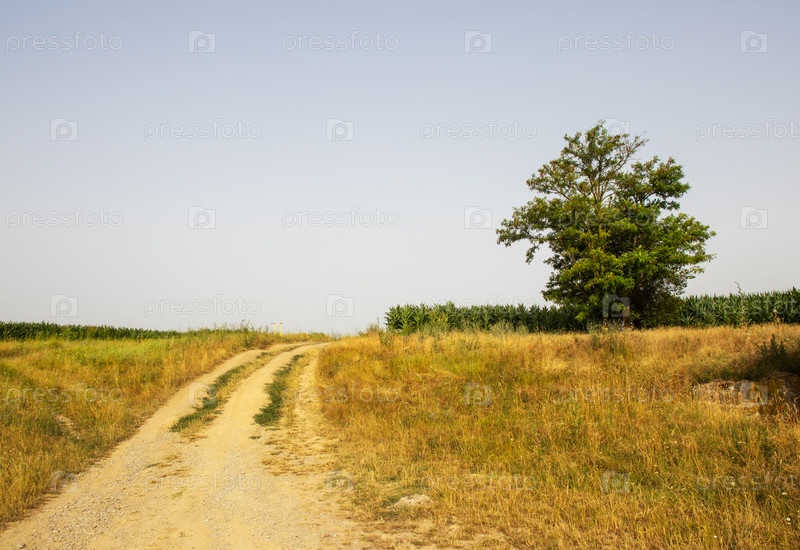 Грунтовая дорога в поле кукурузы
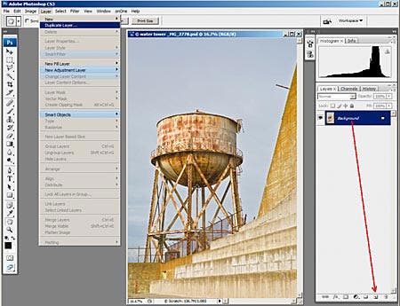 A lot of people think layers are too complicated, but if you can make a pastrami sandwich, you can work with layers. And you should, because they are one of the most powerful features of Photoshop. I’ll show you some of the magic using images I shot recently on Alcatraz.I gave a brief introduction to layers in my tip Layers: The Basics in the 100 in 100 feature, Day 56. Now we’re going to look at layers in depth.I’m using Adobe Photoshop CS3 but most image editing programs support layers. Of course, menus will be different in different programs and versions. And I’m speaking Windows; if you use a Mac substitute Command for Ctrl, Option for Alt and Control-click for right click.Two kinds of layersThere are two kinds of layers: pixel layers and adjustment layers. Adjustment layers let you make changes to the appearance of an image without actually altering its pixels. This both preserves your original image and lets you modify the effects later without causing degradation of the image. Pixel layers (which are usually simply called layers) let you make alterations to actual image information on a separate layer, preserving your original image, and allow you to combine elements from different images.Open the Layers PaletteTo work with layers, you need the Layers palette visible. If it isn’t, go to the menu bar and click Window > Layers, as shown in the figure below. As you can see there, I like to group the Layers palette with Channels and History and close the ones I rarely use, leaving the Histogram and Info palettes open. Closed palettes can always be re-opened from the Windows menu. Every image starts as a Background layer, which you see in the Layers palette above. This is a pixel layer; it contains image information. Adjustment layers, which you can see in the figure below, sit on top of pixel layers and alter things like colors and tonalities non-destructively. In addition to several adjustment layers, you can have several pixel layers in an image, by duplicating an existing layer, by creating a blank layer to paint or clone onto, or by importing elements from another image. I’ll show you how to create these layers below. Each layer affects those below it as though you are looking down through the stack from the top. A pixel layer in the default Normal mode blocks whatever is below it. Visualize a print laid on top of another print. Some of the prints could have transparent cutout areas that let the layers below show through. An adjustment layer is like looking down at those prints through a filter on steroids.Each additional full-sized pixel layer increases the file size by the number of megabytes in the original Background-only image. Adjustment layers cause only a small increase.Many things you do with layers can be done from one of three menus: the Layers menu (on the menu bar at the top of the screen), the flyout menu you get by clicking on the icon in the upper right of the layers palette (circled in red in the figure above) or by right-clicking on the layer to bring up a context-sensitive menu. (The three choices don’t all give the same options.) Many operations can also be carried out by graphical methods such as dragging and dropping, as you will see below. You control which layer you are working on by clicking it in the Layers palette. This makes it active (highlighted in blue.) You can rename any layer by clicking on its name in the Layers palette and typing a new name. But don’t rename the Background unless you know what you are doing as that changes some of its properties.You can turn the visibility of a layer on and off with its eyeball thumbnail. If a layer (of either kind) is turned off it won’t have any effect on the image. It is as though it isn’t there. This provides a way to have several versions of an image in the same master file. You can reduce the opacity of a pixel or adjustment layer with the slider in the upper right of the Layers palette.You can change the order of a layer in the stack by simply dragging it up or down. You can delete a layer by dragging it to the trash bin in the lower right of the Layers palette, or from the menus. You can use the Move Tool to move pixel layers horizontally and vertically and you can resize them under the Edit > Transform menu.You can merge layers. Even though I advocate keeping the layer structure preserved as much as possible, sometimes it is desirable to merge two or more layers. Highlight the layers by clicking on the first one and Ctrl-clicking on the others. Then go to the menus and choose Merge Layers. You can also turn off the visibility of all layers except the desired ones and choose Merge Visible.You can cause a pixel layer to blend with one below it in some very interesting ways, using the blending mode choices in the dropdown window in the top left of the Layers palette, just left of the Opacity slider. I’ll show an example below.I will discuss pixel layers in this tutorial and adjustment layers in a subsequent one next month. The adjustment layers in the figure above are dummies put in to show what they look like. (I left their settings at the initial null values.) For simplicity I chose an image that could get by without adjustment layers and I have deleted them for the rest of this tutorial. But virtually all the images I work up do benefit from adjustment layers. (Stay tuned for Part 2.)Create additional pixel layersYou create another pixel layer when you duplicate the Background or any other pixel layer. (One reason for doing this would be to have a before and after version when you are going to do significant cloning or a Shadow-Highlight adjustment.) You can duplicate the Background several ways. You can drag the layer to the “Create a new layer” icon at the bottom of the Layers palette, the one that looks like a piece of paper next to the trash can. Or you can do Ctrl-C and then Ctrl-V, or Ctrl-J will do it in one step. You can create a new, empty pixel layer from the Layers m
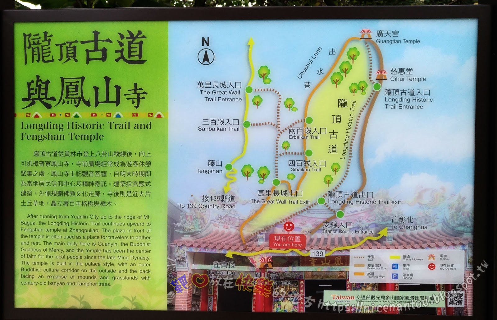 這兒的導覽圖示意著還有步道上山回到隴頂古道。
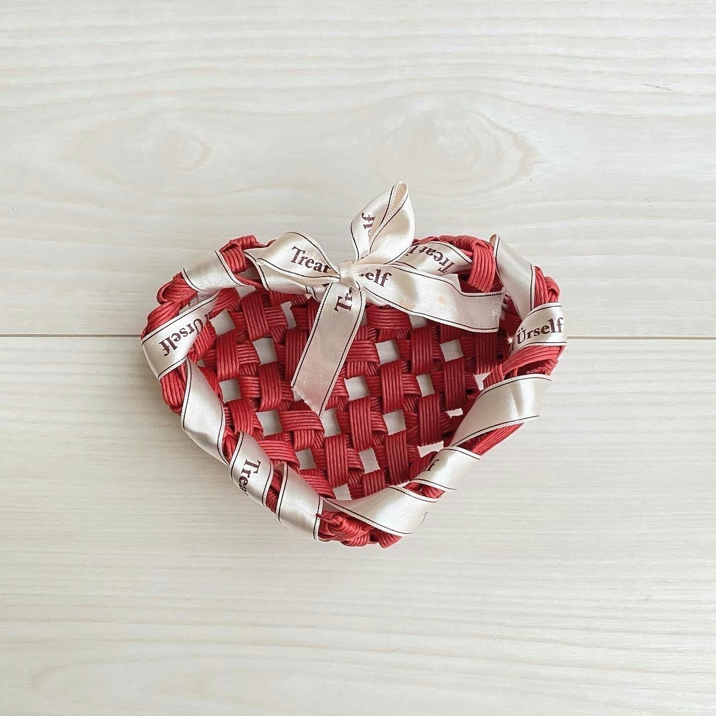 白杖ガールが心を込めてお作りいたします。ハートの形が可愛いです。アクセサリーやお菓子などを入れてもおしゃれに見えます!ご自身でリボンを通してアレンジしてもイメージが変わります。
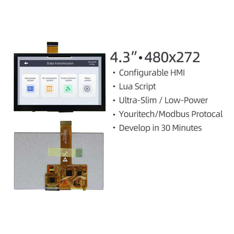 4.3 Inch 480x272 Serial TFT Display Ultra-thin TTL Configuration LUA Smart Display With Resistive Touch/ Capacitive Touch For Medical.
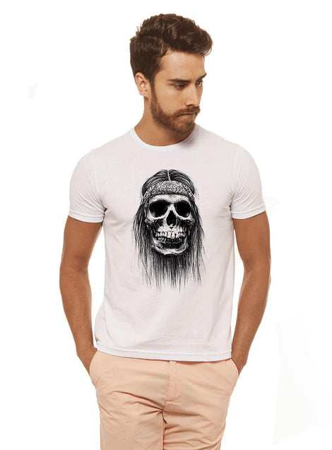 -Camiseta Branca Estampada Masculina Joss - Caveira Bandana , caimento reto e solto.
--- --- ---
» **Task goal**
The records above should be reproduced exactly, with the pictures omitted.

» **Result below**
 Грунтовая дорога в поле кукурузы
 A lot of people think layers are too complicated, but if you can make a pastrami sandwich, you can work with layers. And you should, because they are one of the most powerful features of Photoshop. I’ll show you some of the magic using images I shot recently on Alcatraz.I gave a brief introduction to layers in my tip Layers: The Basics in the 100 in 100 feature, Day 56. Now we’re going to look at layers in depth.I’m using Adobe Photoshop CS3 but most image editing programs support layers. Of course, menus will be different in different programs and versions. And I’m speaking Windows; if you use a Mac substitute Command for Ctrl, Option for Alt and Control-click for right click.Two kinds of layersThere are two kinds of layers: pixel layers and adjustment layers. Adjustment layers let you make changes to the appearance of an image without actually altering its pixels. This both preserves your original image and lets you modify the effects later without causing degradation of the image. Pixel layers (which are usually simply called layers) let you make alterations to actual image information on a separate layer, preserving your original image, and allow you to combine elements from different images.Open the Layers PaletteTo work with layers, you need the Layers palette visible. If it isn’t, go to the menu bar and click Window > Layers, as shown in the figure below. As you can see there, I like to group the Layers palette with Channels and History and close the ones I rarely use, leaving the Histogram and Info palettes open. Closed palettes can always be re-opened from the Windows menu. Every image starts as a Background layer, which you see in the Layers palette above. This is a pixel layer; it contains image information. Adjustment layers, which you can see in the figure below, sit on top of pixel layers and alter things like colors and tonalities non-destructively. In addition to several adjustment layers, you can have several pixel layers in an image, by duplicating an existing layer, by creating a blank layer to paint or clone onto, or by importing elements from another image. I’ll show you how to create these layers below. Each layer affects those below it as though you are looking down through the stack from the top. A pixel layer in the default Normal mode blocks whatever is below it. Visualize a print laid on top of another print. Some of the prints could have transparent cutout areas that let the layers below show through. An adjustment layer is like looking down at those prints through a filter on steroids.Each additional full-sized pixel layer increases the file size by the number of megabytes in the original Background-only image. Adjustment layers cause only a small increase.Many things you do with layers can be done from one of three menus: the Layers menu (on the menu bar at the top of the screen), the flyout menu you get by clicking on the icon in the upper right of the layers palette (circled in red in the figure above) or by right-clicking on the layer to bring up a context-sensitive menu. (The three choices don’t all give the same options.) Many operations can also be carried out by graphical methods such as dragging and dropping, as you will see below. You control which layer you are working on by clicking it in the Layers palette. This makes it active (highlighted in blue.) You can rename any layer by clicking on its name in the Layers palette and typing a new name. But don’t rename the Background unless you know what you are doing as that changes some of its properties.You can turn the visibility of a layer on and off with its eyeball thumbnail. If a layer (of either kind) is turned off it won’t have any effect on the image. It is as though it isn’t there. This provides a way to have several versions of an image in the same master file. You can reduce the opacity of a pixel or adjustment layer with the slider in the upper right of the Layers palette.You can change the order of a layer in the stack by simply dragging it up or down. You can delete a layer by dragging it to the trash bin in the lower right of the Layers palette, or from the menus. You can use the Move Tool to move pixel layers horizontally and vertically and you can resize them under the Edit > Transform menu.You can merge layers. Even though I advocate keeping the layer structure preserved as much as possible, sometimes it is desirable to merge two or more layers. Highlight the layers by clicking on the first one and Ctrl-clicking on the others. Then go to the menus and choose Merge Layers. You can also turn off the visibility of all layers except the desired ones and choose Merge Visible.You can cause a pixel layer to blend with one below it in some very interesting ways, using the blending mode choices in the dropdown window in the top left of the Layers palette, just left of the Opacity slider. I’ll show an example below.I will discuss pixel layers in this tutorial and adjustment layers in a subsequent one next month. The adjustment layers in the figure above are dummies put in to show what they look like. (I left their settings at the initial null values.) For simplicity I chose an image that could get by without adjustment layers and I have deleted them for the rest of this tutorial. But virtually all the images I work up do benefit from adjustment layers. (Stay tuned for Part 2.)Create additional pixel layersYou create another pixel layer when you duplicate the Background or any other pixel layer. (One reason for doing this would be to have a before and after version when you are going to do significant cloning or a Shadow-Highlight adjustment.) You can duplicate the Background several ways. You can drag the layer to the “Create a new layer” icon at the bottom of the Layers palette, the one that looks like a piece of paper next to the trash can. Or you can do Ctrl-C and then Ctrl-V, or Ctrl-J will do it in one step. You can create a new, empty pixel layer from the Layers m
 這兒的導覽圖示意著還有步道上山回到隴頂古道。
 白杖ガールが心を込めてお作りいたします。ハートの形が可愛いです。アクセサリーやお菓子などを入れてもおしゃれに見えます!ご自身でリボンを通してアレンジしてもイメージが変わります。
 4.3 Inch 480x272 Serial TFT Display Ultra-thin TTL Configuration LUA Smart Display With Resistive Touch/ Capacitive Touch For Medical.
 -Camiseta Branca Estampada Masculina Joss - Caveira Bandana , caimento reto e solto.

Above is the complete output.